当楚军刚刚渡江不到三成,夫概令本部兵马立即轻装疾行。在楚兵渡江不到一半之时。夫概率军赶到。只见吴军正在渡口云集一片,车马喧嚷、人声鼎沸。加上军心仓皇,渡口便十分拥塞,乱成一团。
吴军水师有的战船已经装载完毕扬帆渡江,有的正在装载十分混乱,此时见吴军忽然潮水般涌来,无不闻风丧胆。
因为远射、远延父子亲自殿后。所以也未曾渡江。此时见吴军杀来,那些楚兵都争相上船抢渡。已经上船的都想先逃,没上船的纵身跳入江中,攀沿着船帮,不料四周攀附得太多,结果好几艘战船都超载沉没。

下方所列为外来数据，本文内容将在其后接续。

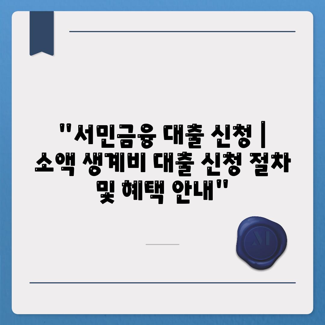 “서민금융 대출 신청 | 소액 생계비 대출 신청 절차 및 혜택 안내”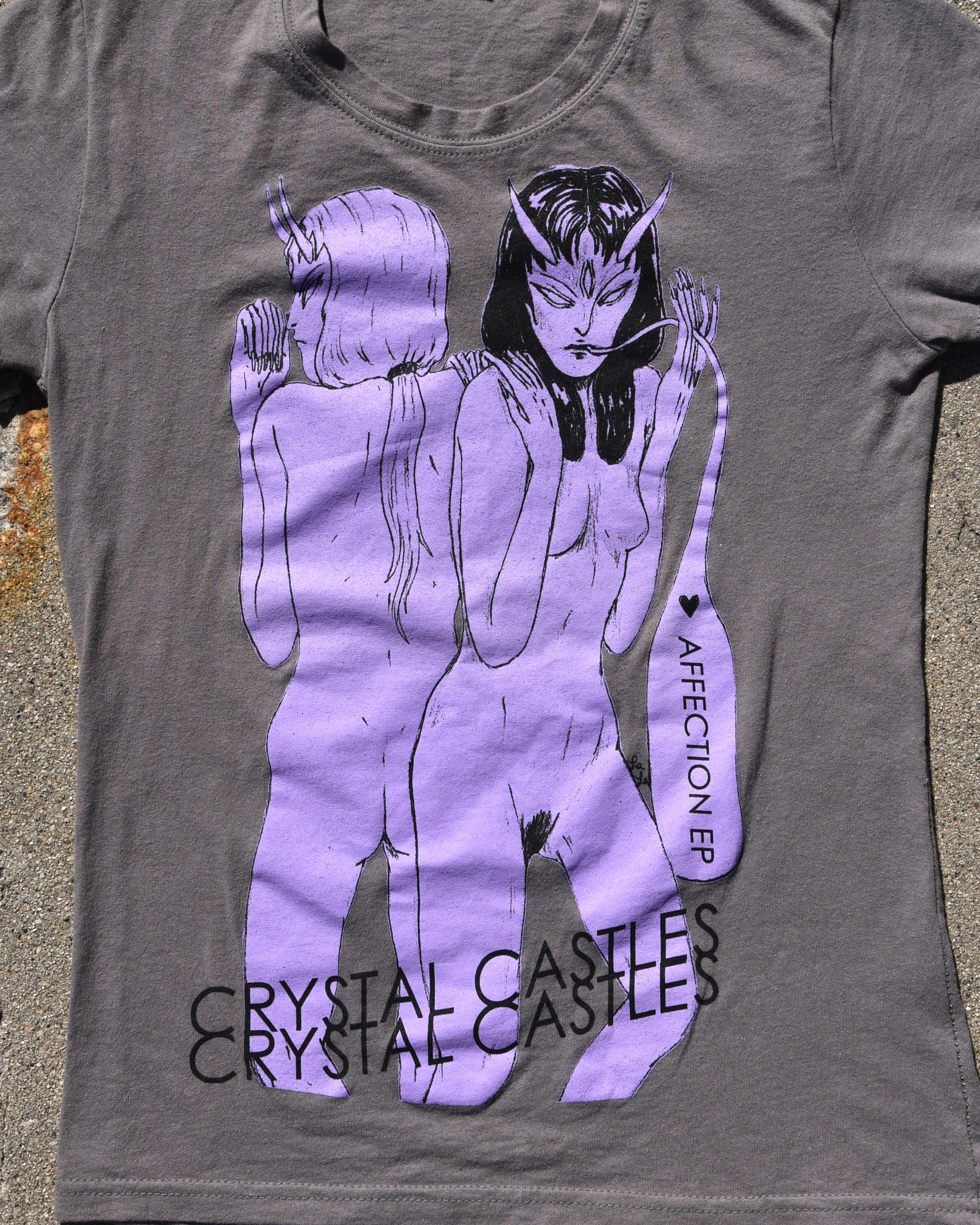 Crystal Castles Affection EP Promo Tshirt. Official bay island Crystal Castles merch. This was a promo for the Affection EP that got scrapped when the group disbanded. Extremely rare. Tagged size small. In good condition. This is a women’s tshirt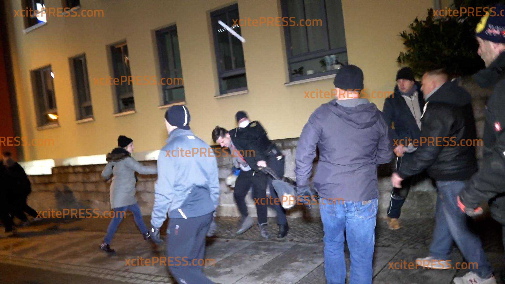 Gleichzeitig mobilisierte sich die rechte Szene immer mehr. Zahlreiche eventorientierte Jugendliche, die deutlich dem rechten Spektrum zuzuordnen waren, bildeten eine große Gruppe und begannen Parolen zu rufen. Diese richteten sich zuerst gegen die Polizei ähnlich wie bei Fußballspielen. Doch dann wurde immer mehr deutlich, in welche Richtung es geht. "Frei, Sozial und National!" war zu hören, ebenso wie "Hier marschiert der nationale Wiederstand!". Die Polizei griff ein, rannte auf die Nazis zu und versuchte sie auseinanderzutreiben. Dabei wurden auch gezielt einige der Rechten in Gewahrsam genommen und die Identitäten festgestellt. Ach verbotene Gegenstände wurden sichergestellt.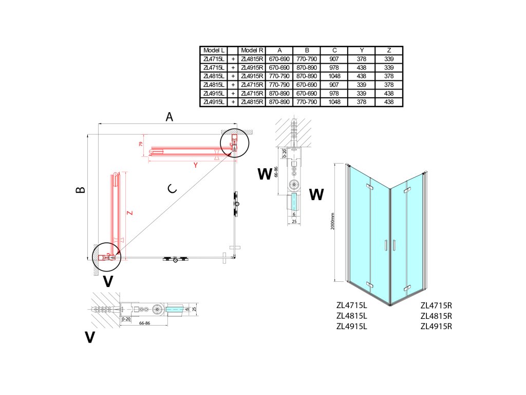 • Skládací dveře 700 až 900 mm v provedení levá a pravá lze instalovat do niky nebo v kombinaci L/R vytvořit čtvercovou nebo obdélníkovou zástěnu s rohovým vstupem
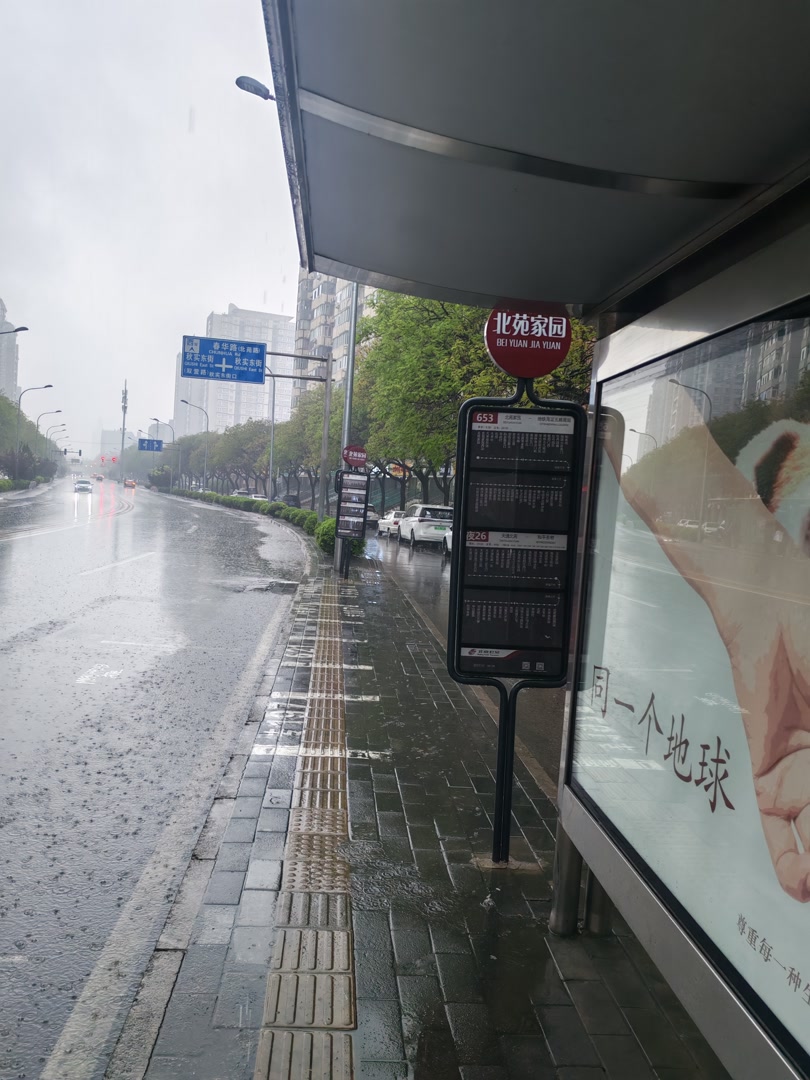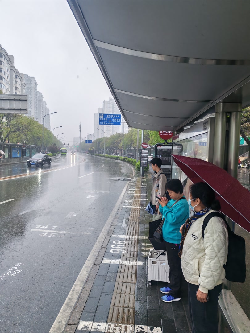 下午2点,雨水淅淅沥沥。北五环外春华路南侧,北苑家园公交站约15米的站台上,不少乘客正在候车亭等车,这里有141路、466路、484路、653路、621路、专107路、专81路等车次。而在路北公交站,候车亭却比南侧“短”了约一半,除了一名阿姨打着伞在雨中候车,更多的乘客,“挤”在旁边几米的候车雨棚下。

楚军争先恐后逃命,一阵大乱。远射禁止不住,只得乘车疾走。那些未渡江的楚军便都跟随远射一路逃窜。吴军随后追杀,缴获楚军辎重、戈甲无数。
夫概一车当先,丢下众人,只顾追赶远射。
此时孙武率大军亦到,令蔡侯、唐侯二君率本部兵马,袭杀正在渡江的楚国残兵,夺取渡江战船,并沿江占据渡口。孙武担心夫概兵少,自领大军前来接应。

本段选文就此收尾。